Steiner laughed. “That’s because when he was first elected, they still used the Pony Express.”

Every once in a while, after a particularly difficult week, Humphrey and Wilkins would tell their wives that they would be late, and headed off to the bar at the Willard InterContinental hotel on Pennsylvania Avenue.

Wilkins had finished his first brown liquor when he exclaimed, “Adam, why does it seem like the hiring of one guy is the fate of the world for us?”

“Because it’s a priority to Congressman Hargis,” sighed Humphrey.

“You realize he’s losing his marbles, right?” Wilkins asked. “The last time I spoke to him, he referred to Cheney as the Defense Secretary.”

“We’re at war with Iraq, the president is named Bush, and that burly Austrian is making another killer robot movie,” Humphrey said. “I think some historical confusion is forgivable.”

“ ‘Historical confusion’? Adam, Hargis is going senile!”

“Perhaps.” Humphrey shrugged. “But thankfully as a congressman, he’s in an environment where few will notice and it will have minimal impact on his work.”

“We’re in the very best of hands.” Wilkins rolled his eyes. “You know he’s hapless without his staff. At some point we should eliminate the middleman and just have the congressional chiefs of staffs cast the votes. It would be a bit fairer, since the staffers do most of the work. Let the voters know who’s really calling the shots.”

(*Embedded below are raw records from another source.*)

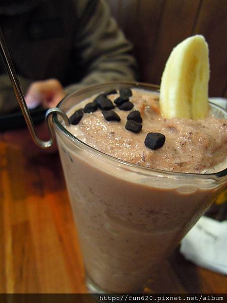 牛奶巧克力冰沙,叉進半根香蕉,灑上幾顆巧克力豆。
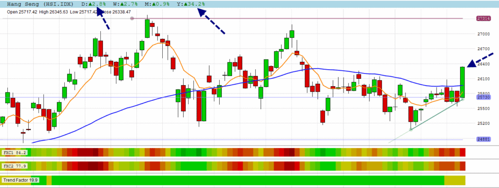 The HANG SENG broke its 50 DMA resistance after closing 6 weeks below it, helped by the listing of Birem. Its gain for the past year was 34.2%, much better than the other global indexes, but coming from a very low basis.
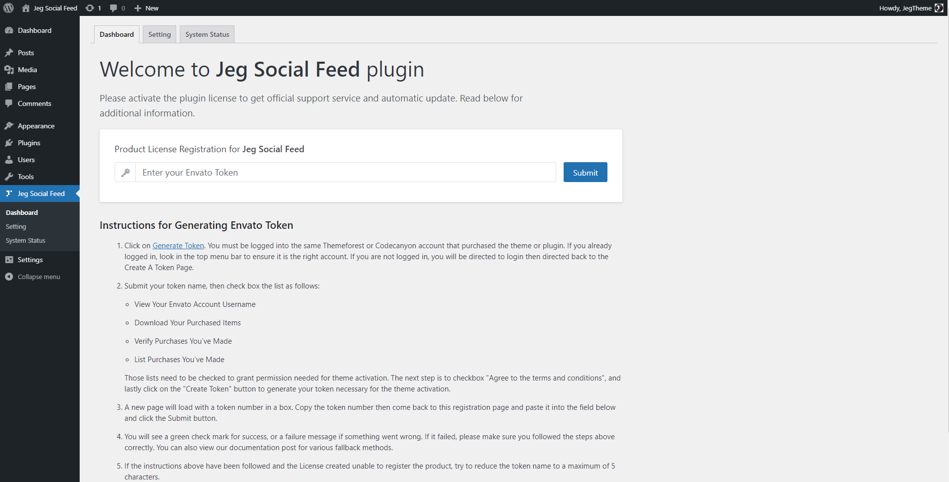 - Click on Generate Token. You must be logged into the same CodeCanyon account that purchased Jeg Social Feed. If you are logged in already, look on the top menu bar to ensure it is the right account. If you are not logged in, you will be directed to the login page (Themeforest) then redirected back to the Create A Token Page.

“Oh, life for the Hill staffers is fairer than it used to be,” Humphrey said. “Sure, they’re young, working exceptionally long hours, could lose their jobs at any time if their boss is defeated or keels over, but at least now they have the promise of a payoff after a distinguished period of service.”

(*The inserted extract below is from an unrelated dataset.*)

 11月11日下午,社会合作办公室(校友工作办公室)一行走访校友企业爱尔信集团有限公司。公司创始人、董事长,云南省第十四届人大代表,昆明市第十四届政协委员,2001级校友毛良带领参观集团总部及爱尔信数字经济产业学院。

“Nobody goes to work on Capitol Hill to get rich,” retorted Wilkins.

“No, but how long can you work modest five-figures and no job security, surrounded by those in the finest of suits and the Burberry scarf, the Cartier leather briefcase, the glint of light shining off their Rolex, heading off to their expense-account lunches at the Palm or the Monocle? Oh, that’s right, there’s a gift ban for staffers—we can’t even pick up the check for lunch. The average salary for a lobbyist is three hundred thousand dollars, and lobbying the government is a two-billion-dollar-per-year industry. It’s only fair that hardworking congressional staffers be given a chance to enjoy a piece of the pie.”

On Capitol Hill, the increasingly haggard Congressman Nick Bader was attempting to end a meeting with some wunderkind former Health and Human Services undersecretary who was about to launch a quixotic bid to run for governor of Louisiana.
The young policy wonk was undoubtedly bright and knew his policy backward and forward, but Bader could barely understand him, between his unimaginably fast speaking pace and his unexpectedly thick Louisiana drawl. He contemplated recording the aspiring governor’s remarks and later playing it back at half speed, just to make sure he understood him correctly.

“Well, look, I’ve really got to get to this committee hearing,” Bader said, picking up his pace and hoping the skinny Indian-American couldn’t walk as fast as he spoke. “I think you’ve got some great ideas, and I’ll be happy to help you out with a fundraiser or something, but I’ll warn you, I’ve been here a long time and changing the way Washington works is a hell of a—”

“Of​course​in​Washington​history​always​repeat​sitself;​that’s​why​we​have​to​be​promoting​reforms​in​the​states​and​the​role​off​reemarket​reform​minded​allies​like​yourselfist​oensure​that​the​federal​bureaucracy​doesnt​get​in​the​way;​believe​me​I​know​how​hard​this​canbe​when​I​was​at​HHSI​kept​running​into​brick​wall​after​brick​wall​sometimes​out​of​status​quosometimes​out​of​resis​tance​tocon​serva​tivee​ffort​stobr​ingma​rketp​lacef​orces​tohea​lthca​reare​naand​Ithin​ksome​ofitw​asjust​asen​seorp​erhapsa​hope​that​if​they​ignored​meI​would​go​away;​Imean​Iwasm​uchyo​unger​thanm​ostun​derse​creta​riesa​ndnob​odyco​uldbe​lieve​Ihada​lread​yrunt​heLou​isian​aDepa​rtmen​tofHe​altha​ndHos​pital​sinad​ditio​ntoab​ipart​isanc​ommis​siono​nthef​uture​ofMed​icare​andth​eLoui​siana​Unive​rsity​System,” the aspiring governor began.

The meeting would have gone on forever if the pair hadn’t nearly walked into a tall, pale, menacing figure in a black suit, Drake Gully. The gaunt staffer for the House Republican leadership glared briefly at the man occupying Bader’s attention.